Copy the file glfw3.dll from lib-vc2012 into the Python Lib\site-packages\cyglfw3 where cyglfw is installed.
Add the lib-vc2012 directory to the PATH environment variable

Assimp

Download & Install the package from https://github.com/assimp/assimp/releases/tag/v4.1.0/
Add the <Program Files>\Assimp\bin\x64 directory to the PATH environment variable

Troubleshooting

If you run into the error "Unable to load numpy_formathandler accelerator from OpenGL_accelerate", replace numpy with numpy‑1.19.5+mkl‑cp38‑cp38‑win_amd64.whl from https://www.lfd.uci.edu/~gohlke/pythonlibs/#numpy (run "pip install" on the whl). Match the value for cp38 to your Python version - i.e. cp38 is for Python 3.8.

Continued in the the All Platforms section below.

All Platforms

OpenCV >= 3.1

See https://pypi.org/project/opencv-python/ for GPU acceleration instructions.
To install the CPU-only version:

pip install --user opencv-python

2a) Latest versions of dependencies:

pip install --user --pre --upgrade PyOpenGL PyOpenGL_accelerate
pip install --user tensorflow cython cyglfw3 pyassimp==3.3 imgaug progressbar tf_agents

2b) Exact versions of dependencies:

pip install --user tensorflow==2.4.1 PyOpenGL==3.1.5 PyOpenGL_accelerate==3.1.5 cython==0.29.19 cyglfw3==3.1.0.2 pyassimp==3.3 imgaug==0.4.0 progressbar==2.5 tf_agents==0.7.1

Headless Rendering

Please note that we use the GLFW context as default which does not support headless rendering. To allow for both, onscreen rendering & headless rendering on a remote server, set the context to EGL:

export PYOPENGL_PLATFORM='egl'

In order to make the EGL context work, you might need to change PyOpenGL like here

Preparatory Steps

Pip installation

pip install --user .

Set Workspace path

Linux:

Consider adding this to your bash profile

export AE_WORKSPACE_PATH=/path/to/autoencoder_ws

Windows:

Edit your system environment variables to add the AE_WORKSPACE_PATH variable which points to the location where you want to store training results and configurations for AugmentedAutoencoder

Create Workspace, Init Workspace (if installed locally, make sure .local/bin/ is in your PATH)

mkdir $AE_WORKSPACE_PATH
cd $AE_WORKSPACE_PATH
ae_init_workspace

Train an Augmented Autoencoder

Create the training config file. Insert the paths to your 3D model and background images.

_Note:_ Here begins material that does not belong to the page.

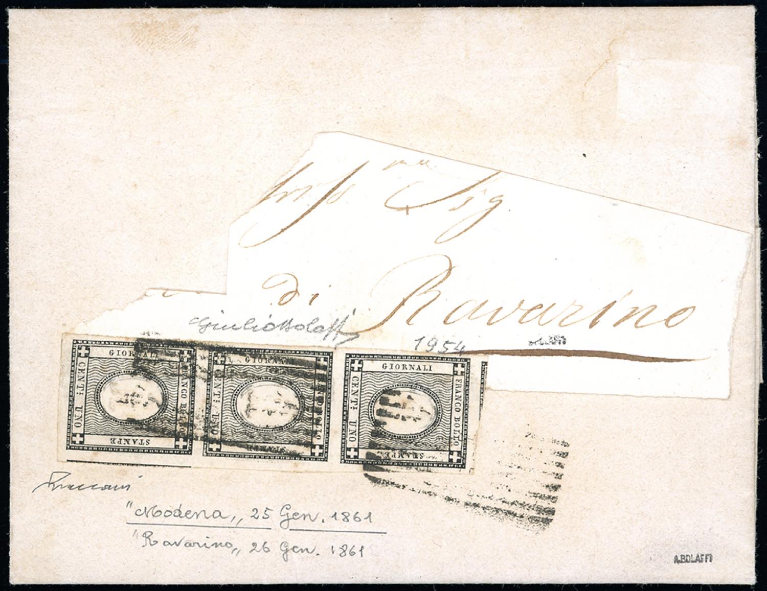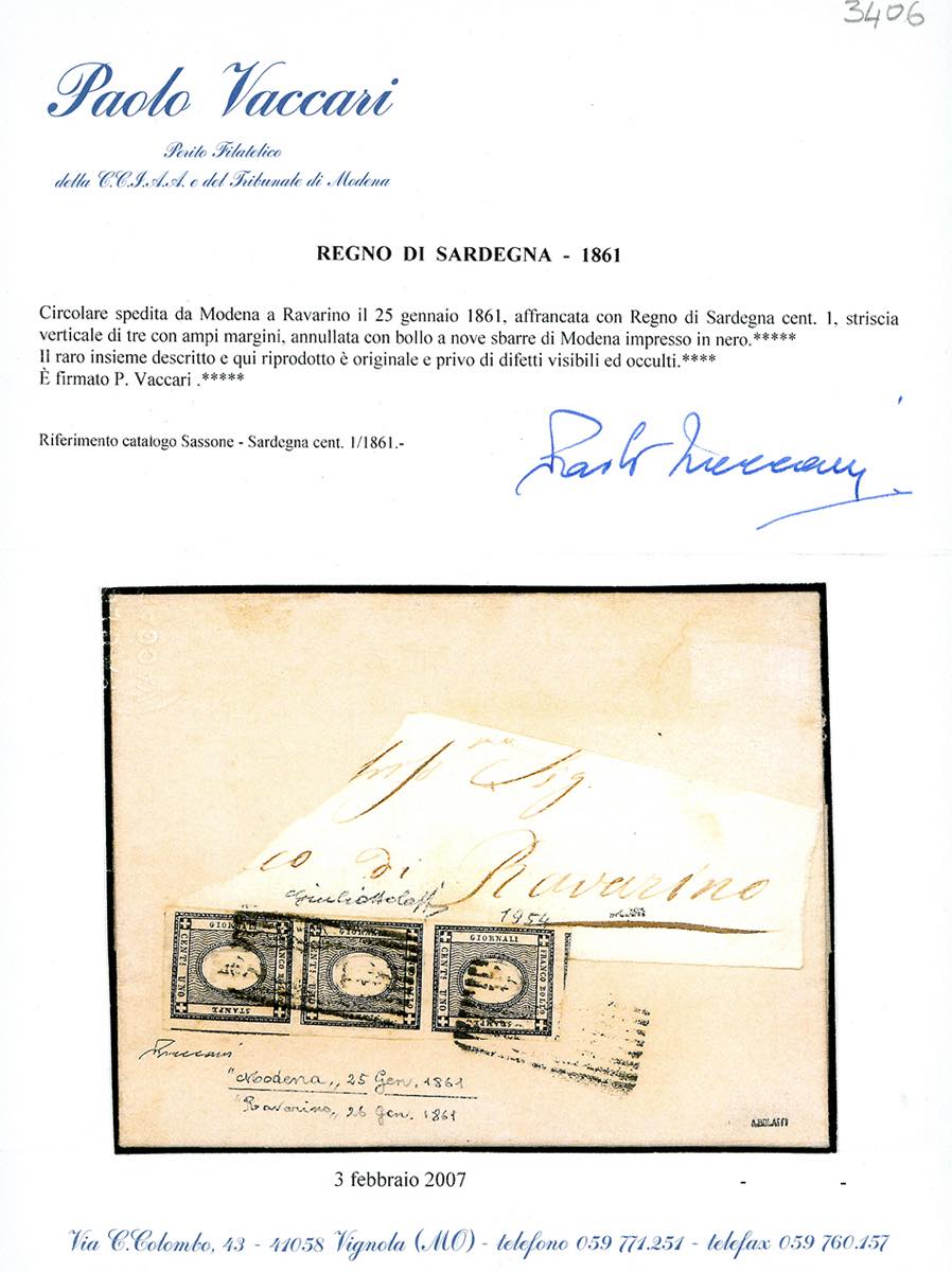MODENA, 9 sbarre punti R2 - 1 cent. nero per stampati di Sardegna (19a), striscia verticale di tre, perfetta e ben marginata, su fresca circolare per Ravarino 26/1/1861. Molto rara e di qualità eccezionale! Insieme unico. Giulio Bolaffi per esteso, cert. Vaccari.

mkdir $AE_WORKSPACE_PATH/cfg/exp_group
cp $AE_WORKSPACE_PATH/cfg/train_template.cfg $AE_WORKSPACE_PATH/cfg/exp_group/my_autoencoder.cfg
gedit $AE_WORKSPACE_PATH/cfg/exp_group/my_autoencoder.cfg

Generate and check training data. The object views should be strongly augmented but identifiable.

(Press ESC to close the window.)

ae_train exp_group/my_autoencoder -d

This command does not start training and should be run on a PC with a display connected.

Output:

Train the model (See the Headless Rendering section if you want to train directly on a server without display)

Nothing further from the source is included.